==== MATERIAL PROVIDED ====

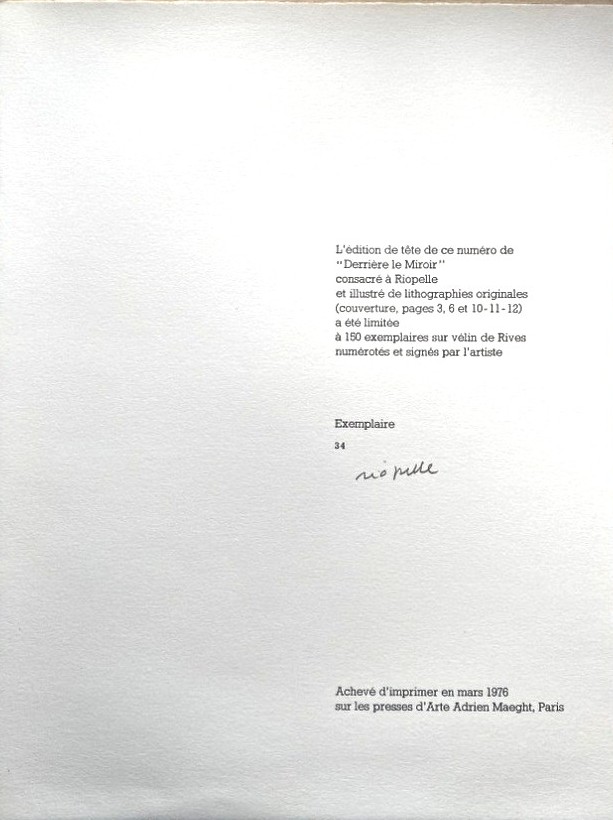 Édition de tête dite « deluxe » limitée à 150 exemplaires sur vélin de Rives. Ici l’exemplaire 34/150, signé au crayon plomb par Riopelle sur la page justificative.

====
==== MATERIAL PROVIDED ====

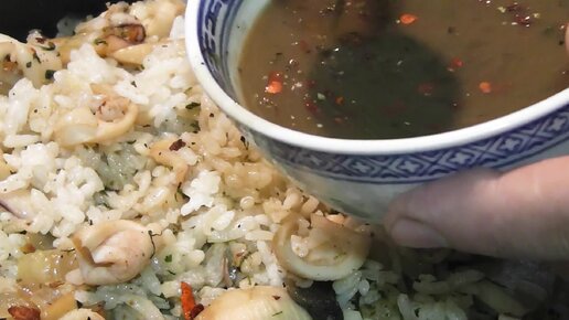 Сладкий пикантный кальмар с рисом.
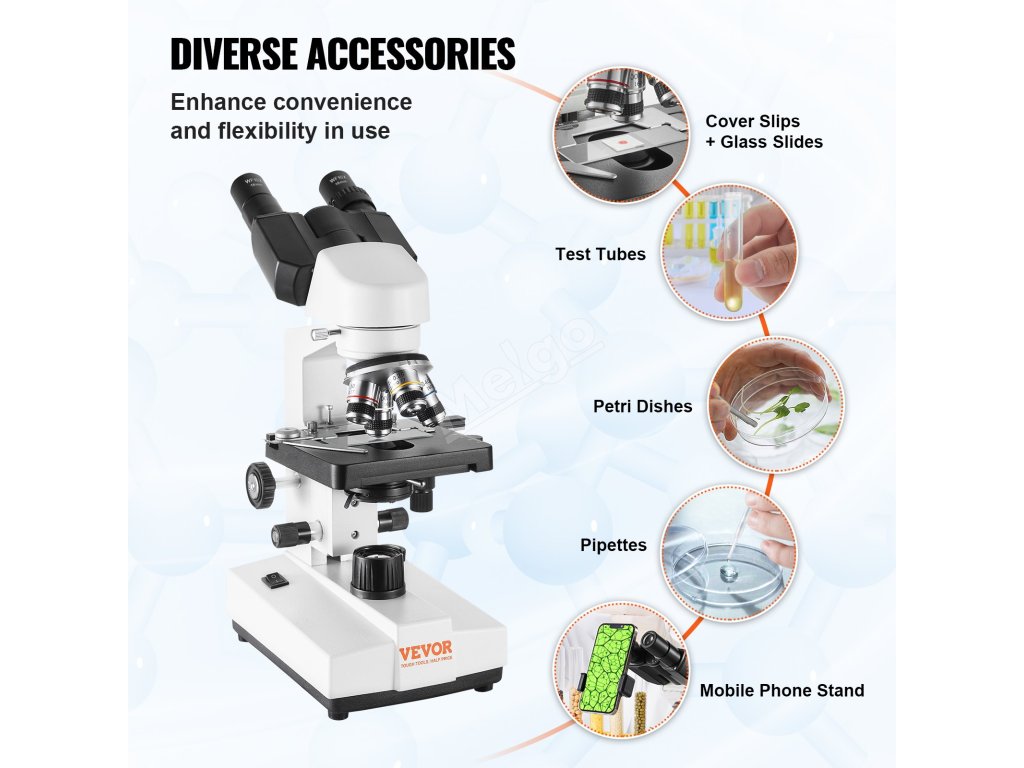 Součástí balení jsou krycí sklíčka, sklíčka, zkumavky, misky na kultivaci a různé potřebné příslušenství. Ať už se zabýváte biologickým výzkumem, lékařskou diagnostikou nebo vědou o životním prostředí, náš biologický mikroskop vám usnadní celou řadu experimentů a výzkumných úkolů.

====

▸ TASK REQUIREMENTS: From the records above, quote word for word only the lines beginning at the line that has "Сладкий пикантный кальмар с рисом." and stopping after the line that has "Součástí balení jsou". Omit the pictures.

▸ TASK OUTPUT:
 Сладкий пикантный кальмар с рисом.
 Součástí balení jsou krycí sklíčka, sklíčka, zkumavky, misky na kultivaci a různé potřebné příslušenství. Ať už se zabýváte biologickým výzkumem, lékařskou diagnostikou nebo vědou o životním prostředí, náš biologický mikroskop vám usnadní celou řadu experimentů a výzkumných úkolů.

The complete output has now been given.